Eyes with tilted discs were more miopic than controls. However, none of our cases had evident posterior staphylomas on fundoscopic examination. Furthermore, we recruited cases with a spherical equivalent lower than 6.00 D of myopia to reduce the possible effects of myopic chorioretinopathy on peripapillary RNFL. To avoid RNFL changes due to mechanical tissue stretching, we included cases with an axial length measurement within a certain range (22-26 mm).
OCT imaging of the optic nerve head and RNFL rely on validated normative data; however, validated normative datasets for tilted disc do not currently exist. Therefore, considering these data, imaging the optic disc with OCT could be a limitation of our study.

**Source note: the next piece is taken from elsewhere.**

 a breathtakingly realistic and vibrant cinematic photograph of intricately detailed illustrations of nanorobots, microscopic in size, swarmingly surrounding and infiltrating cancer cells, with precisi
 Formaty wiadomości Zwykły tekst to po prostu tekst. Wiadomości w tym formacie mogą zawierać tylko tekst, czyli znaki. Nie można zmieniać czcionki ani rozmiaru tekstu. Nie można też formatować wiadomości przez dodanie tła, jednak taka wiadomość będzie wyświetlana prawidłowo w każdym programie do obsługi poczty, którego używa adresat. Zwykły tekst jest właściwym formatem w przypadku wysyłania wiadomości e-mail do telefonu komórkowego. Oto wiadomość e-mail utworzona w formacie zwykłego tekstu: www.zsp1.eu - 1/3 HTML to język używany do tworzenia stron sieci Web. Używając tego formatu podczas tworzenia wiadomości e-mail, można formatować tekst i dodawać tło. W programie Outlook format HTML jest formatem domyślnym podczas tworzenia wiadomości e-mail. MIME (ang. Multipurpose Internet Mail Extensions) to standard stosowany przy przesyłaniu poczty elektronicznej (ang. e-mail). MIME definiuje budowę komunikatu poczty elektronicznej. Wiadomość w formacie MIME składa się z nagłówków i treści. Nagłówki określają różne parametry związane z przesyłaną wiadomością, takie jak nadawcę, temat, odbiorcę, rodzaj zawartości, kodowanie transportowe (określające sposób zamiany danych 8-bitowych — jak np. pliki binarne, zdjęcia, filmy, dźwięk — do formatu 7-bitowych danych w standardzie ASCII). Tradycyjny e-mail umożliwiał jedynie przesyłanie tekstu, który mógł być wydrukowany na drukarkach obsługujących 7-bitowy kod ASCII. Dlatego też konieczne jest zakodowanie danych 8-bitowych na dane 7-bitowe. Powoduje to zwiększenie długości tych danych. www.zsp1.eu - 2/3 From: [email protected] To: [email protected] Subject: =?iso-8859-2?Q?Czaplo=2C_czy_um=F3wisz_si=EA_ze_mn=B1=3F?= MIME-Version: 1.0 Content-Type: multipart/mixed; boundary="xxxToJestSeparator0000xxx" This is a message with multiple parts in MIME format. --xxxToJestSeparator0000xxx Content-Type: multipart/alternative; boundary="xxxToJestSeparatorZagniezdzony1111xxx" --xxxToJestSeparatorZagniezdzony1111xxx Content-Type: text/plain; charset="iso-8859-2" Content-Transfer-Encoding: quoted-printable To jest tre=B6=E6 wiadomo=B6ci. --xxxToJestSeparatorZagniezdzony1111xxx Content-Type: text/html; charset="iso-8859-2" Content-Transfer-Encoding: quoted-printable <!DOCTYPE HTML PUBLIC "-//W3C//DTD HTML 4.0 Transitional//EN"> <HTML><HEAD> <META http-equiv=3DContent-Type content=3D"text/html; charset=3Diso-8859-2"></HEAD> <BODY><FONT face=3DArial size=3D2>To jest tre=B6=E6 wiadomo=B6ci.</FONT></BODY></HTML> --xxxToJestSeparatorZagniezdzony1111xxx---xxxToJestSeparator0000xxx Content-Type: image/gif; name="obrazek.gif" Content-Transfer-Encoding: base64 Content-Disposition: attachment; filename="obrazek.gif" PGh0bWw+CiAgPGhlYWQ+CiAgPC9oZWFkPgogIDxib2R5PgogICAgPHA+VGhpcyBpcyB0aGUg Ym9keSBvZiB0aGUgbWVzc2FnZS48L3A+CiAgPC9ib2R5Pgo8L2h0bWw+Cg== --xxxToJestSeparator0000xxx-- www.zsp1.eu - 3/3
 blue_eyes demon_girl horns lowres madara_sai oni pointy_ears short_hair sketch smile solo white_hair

This study demonstrated a clinical characterization of the main tilted disc morphologies that may be helpful in differentiating a tilted disc from other altered disc morphologies. Additionally, the presence of optic disc tilt should be taken into account when interpreting peripapillary RNFL and choroidal thicknesses by SD-OCT. It would be beneficial to explore the comparison between glaucoma and tilted disc groups in additional studies.